In 1846, Dred Scott and his wife, Harriet, went to court in St. Louis, Missouri, to ask for their freedom. Both had lived for years in free territories where slavery was not allowed. They believed that because they had lived on free soil, they should be free. Missouri law had long followed the rule of “once free, always free,” and many enslaved people had won freedom that way. With help from friends, the Scotts began a long legal battle that would last eleven years.

Their case finally reached the United States Supreme Court in 1857. The justices needed to decide if Dred Scott was free and if Congress could limit slavery in the territories. Chief Justice Roger B. Taney wrote the Court’s opinion. The Court ruled that Dred Scott was not free. It said that people of African ancestry, whether enslaved or free, were not citizens of the United States and therefore could not sue in federal court. The Court also said that Congress had no power to ban slavery in the territories. This meant the Missouri Compromise, which had kept slavery out of parts of the West, was unconstitutional.
In his opinion, Chief Justice Taney wrote that African Americans were “so far inferior that they had no rights which the white man was bound to respect.” The Court ignored years of legal precedent that had recognized the freedom of enslaved people who had lived on free soil.

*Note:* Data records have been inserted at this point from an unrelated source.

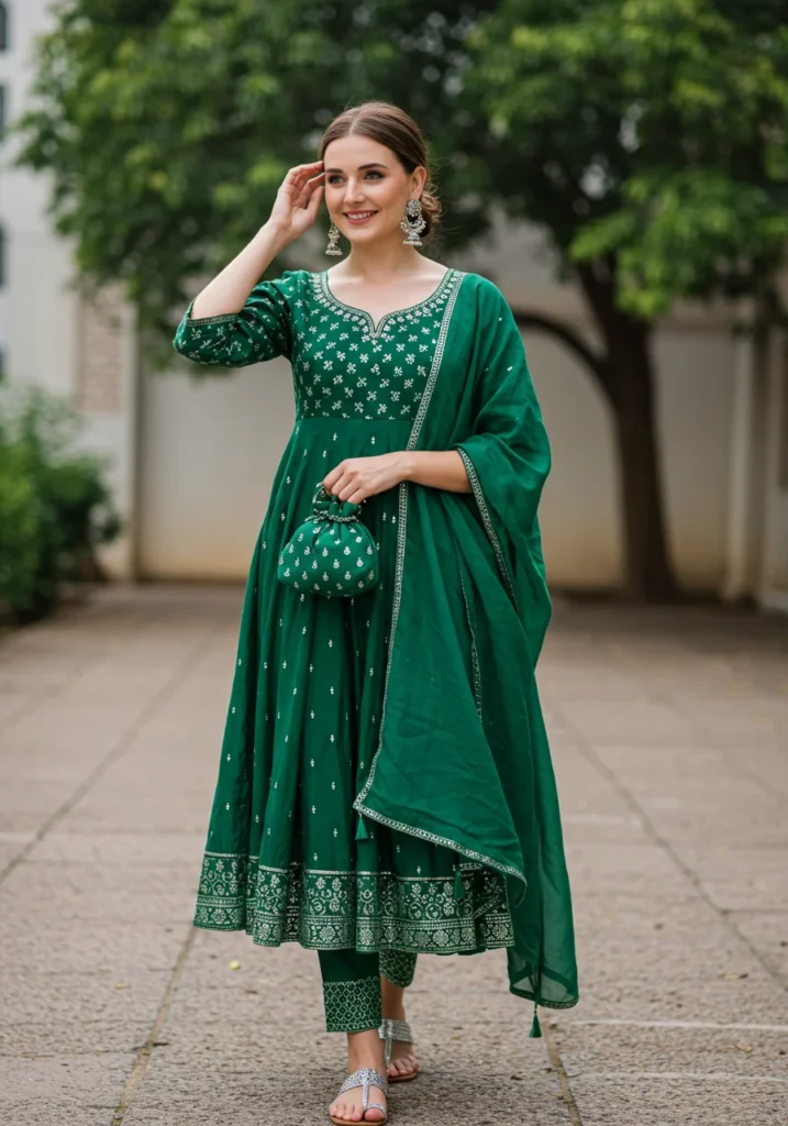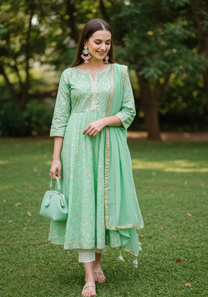 For an earthy, grounded vibe, this olive green cotton Anarkali is unbeatable. It’s comfortable for travel or office wear while maintaining an ethnic elegance.
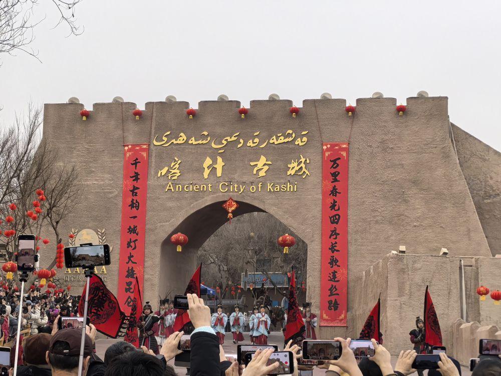 每天上午10时30分,喀什古城东门外便聚满来自五湖四海的游客。大家举起手机、相机,甚至掏出自拍杆,翘首以待开城仪式的到来。来自成都的游客唐志慧和家人在人群中穿行,脸上满是新奇与喜悦:“这是我们第一次来喀什,也是第一次在这里过年。看社火、逛巴扎,太热闹了,这里的年味特别浓,让人难忘!”
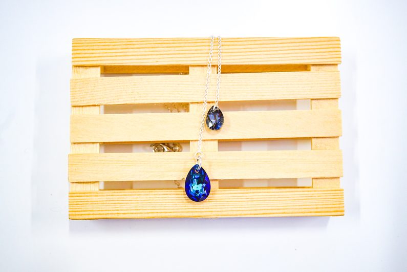 Na jeden konec 4cm i 6 cm řetízku si zavěsíme SWAROVSKI přívěsky pomocí spojovacích kroužků.

The decision took away Dred Scott and his family's freedom. It also reinforced the system that kept people enslaved.

Later that year, Peter Blow’s sons bought Dred and Harriet Scott and gave them their freedom in St. Louis. But the Court’s decision reached far beyond one family. By ruling that no Black person could be a citizen, the Supreme Court denied freedom to an entire group of Americans and pushed the nation closer to war.